Ms. Lee took my mom to a women’s shelter. Over the next few days, they both visited me. The police came and helped me fill out a report about the assault. Jujube visited in the evenings because she wasn’t allowed to skip any more classes. She was mad about this, but I told her school was good for her. She had her future to think about.

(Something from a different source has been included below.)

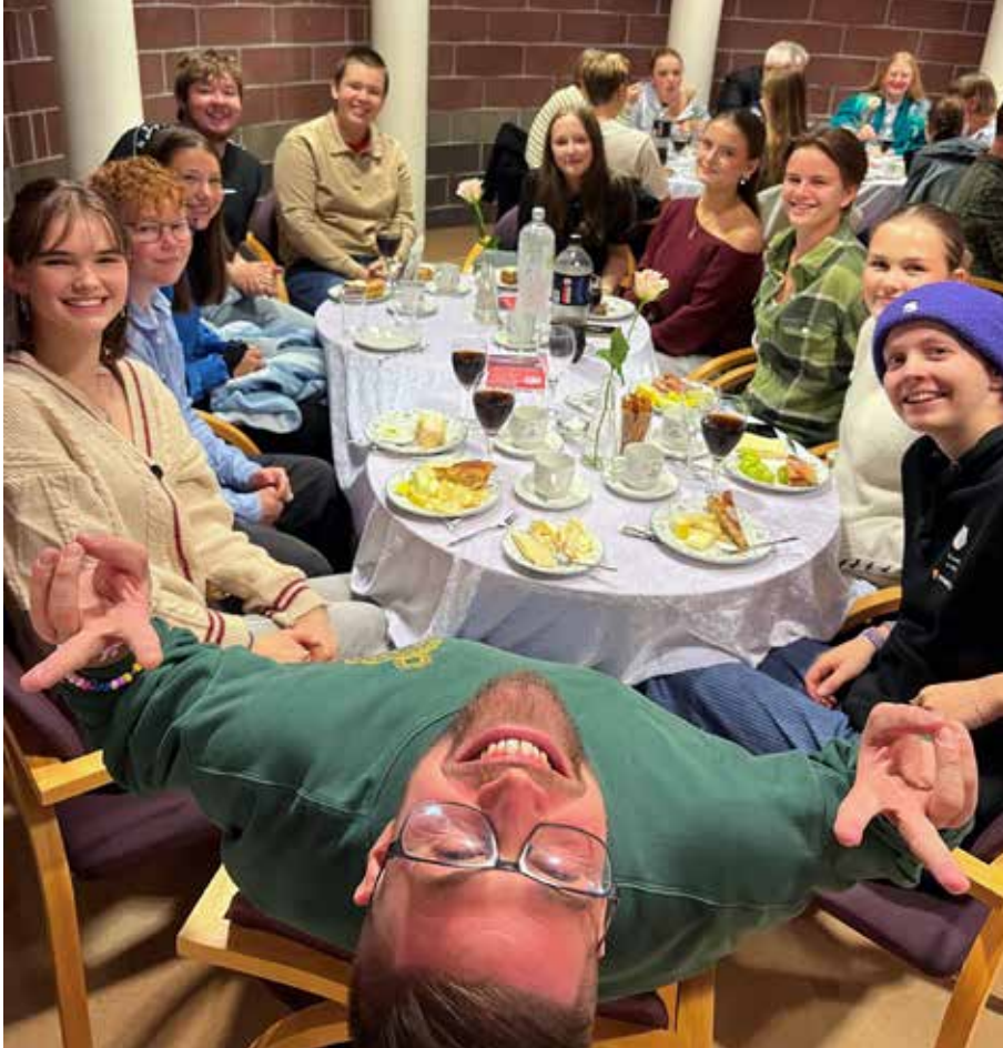
Her er et knippe av kjekke og humørfylte ungdomsledere som er med og skaper stemning på ulike tilstelninger og interessegrupper gjennom konfirmant-året

I kirken har vi vår egen trosopplæringsplan/undervisningsplan for hvert kull fra 0-18 år. Alle døpte i vår menighet får tilbud om opplæring tilpasset alder, minst én gang i året. Inne i denne planen finner vi konfirmasjonstiden.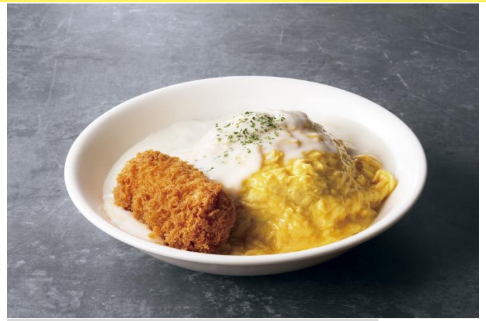
カニコロオムライス～ホワイトクリームソース～ 910 円

カツカレー×オムライスのハイブリッドメニュー。手のひらほどの大きなカツが鎮座する見た目インパクトも充分。豚肉には疲労回復に効果があると言われるビタミン B 群が含まれているので、頑張り時のエネルギーチャージにピッタリです。

My mom told me about the shelter. She said the windows were made of bulletproof
glass, and the doors had huge locks and chains on them. She said the place was full of women and children, and she had a lot of people to talk to. It surprised her that there were so many other women with the same problem.

For the first time in my life, I stopped worrying about my mom. I didn’t even have to worry about myself. The hospital wouldn’t let my dad come near me. My mom had a restraining order from the police, which meant he couldn’t come near either of us. He couldn’t even call us on the phone. At first I was surprised people believed what my mom and I said about my dad. He was such a good talker, everyone had always believed him. But Ms. Lee and the police and the hospital just took over and kept my dad away.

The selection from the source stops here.